Flour, butter, eggs, raising agent, sugar and milk are all that’s required to make a batch of scones. I favour locally milled flour, Irish butter, free-range organic eggs and buttermilk when I’m making scones.

Once you have mastered the classic scone there are lots of delicious variations to try. Fruit scones with sultanas or currants. Cherry scones using glace cherries, pear & cinnamon using fresh pears in autumn, apple and ginger using Bramley apples and rhubarb and ginger when the rhubarb appears in Spring are some of my favourites.

So what makes a good scone.

Good ingredients for starters as in all baking and cooking. Then a few key things.

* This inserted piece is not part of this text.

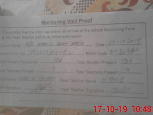 | EMIS Code: 31150450 | Name of School: GPS MASJID SHAHI MASHID | |||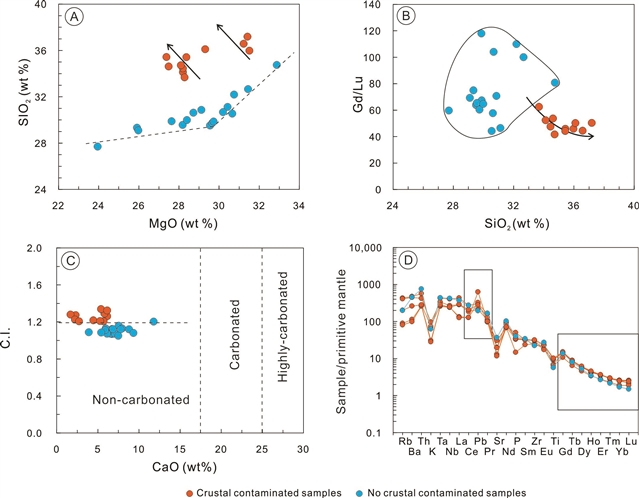 图1. 瓦房店地壳混染金伯利岩样品和未混染样品的SiO2vs MgO图解(A),Gd/Lu vs SiO2图解(B);地壳混染指数图解(C.I.)(C);和原始地幔标准化微量元素图解(D)。地壳混染样品表现出正SiO2和Pb异常以及升高的重稀土(HREE)含量。

Don’t overwork your dough. When you add the liquid ingredients to the dry just use one hand and work firmly and quickly to bring the mix together. You are not kneading this at any point just literally bringing the mix together. This will ensure a light, fluffy scone.

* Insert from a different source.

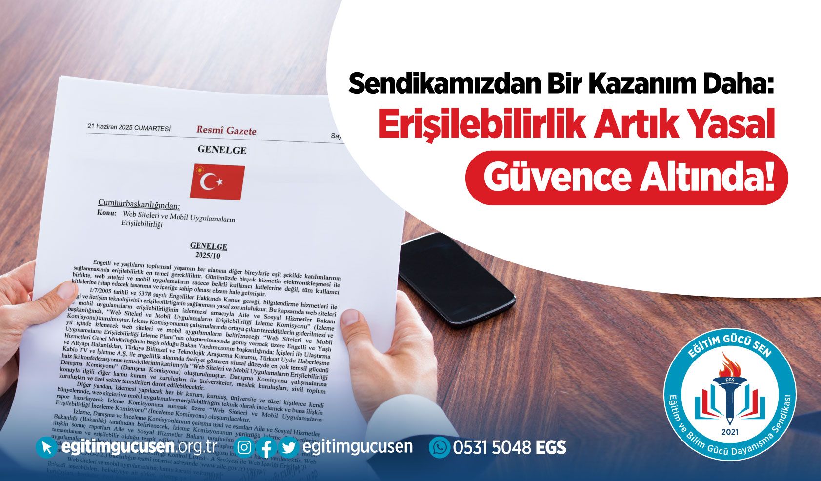 Gerek yazılı talebimiz gerekse siyasi ve bürokratik görüşmelerimiz neticesinde, web siteleri ve mobil uygulamalarda erişilebilirliğin sağlanması artık Resmî Gazete’de yayımlanarak yasal bir zorunluluk haline getirildi. Bu düzenleme ile kamu kurumları, belediyeler, üniversiteler, özel sektör kuruluşları ve kamu hizmeti sunan pek çok yapı 1 yıl, elektronik ticaret yapan hizmet sağlayıcılar ise 2 yıl içinde dijital platformlarını erişilebilir hale getirmekle yükümlü kılındı. Engelli ve yaşlı bireylerin toplumsal yaşama eşit katılımı için önemli bir adım atılmış oldu. Bu kazanım, sendikamızın üyeleri adına sürdürdüğü kararlı mücadelenin doğrudan bir sonucudur.

Keep the dough mix quite soft. By that, I mean adding enough milk so that the mixture is really soft and sticky. I find this produces the lightest crumb and that all-important melt-in-the-mouth texture.

How to get a good rise on your scones

To get a good rise on your scones do not roll or press the mixture too flat. I don’t use a rolling pin at all, I just flatten it a bit with my fingers and keep it at least 2.5cm high. If using a scone cutter keeping the dough to the depth of the cutter is a good guide. Just press the scone cutter straight down and don’t twist it , alternatively use a knife to cut the dough into triangular shapes.

Have your oven really hot to start and do not open the oven until you can see the scones starting to brown on top. Only open the oven if you need to turn the tray around as often the back of the oven is hotter. This also ensures a good rise.

This is my classic Buttermilk Scone recipe

Buttermilk Scones

makes 8 – 12 small scones

335g Self Raising Soda flour (or Self Raising flour)
110g butter (at room temperature)
60g caster sugar
2 medium eggs
pinch salt
5 – 8 fl oz buttermilk

Need a scone cutter and a lined baking tray

Preheat oven to 220C / 200C Fan

Sift the flour into a wide bowl, rub in the butter with your fingertips until the mixture resembles fine breadcrumbs.  Stir in the sugar and salt.

Break the eggs into a small bowl and add about half of the buttermilk.  Whisk together with a fork.

Make a well in the flour, add the milk and egg mixture and mix together with your hand until the mixture comes together, adding more milk if necessary.

It should be very soft and a bit sticky.

Turn out onto a well floured surface and knead lightly just to bring the dough together.

Press down a little and cut into rounds using the cutter and placing on the baking sheet as you go.

Brush the tops with buttermilk and sprinkle with a little flour.

Bake in the hot oven for 10-15 minutes or until golden.

Cool on a wire rack.

Note – for fruit scones, add a small handful of currants to the flour mixture before adding the milk.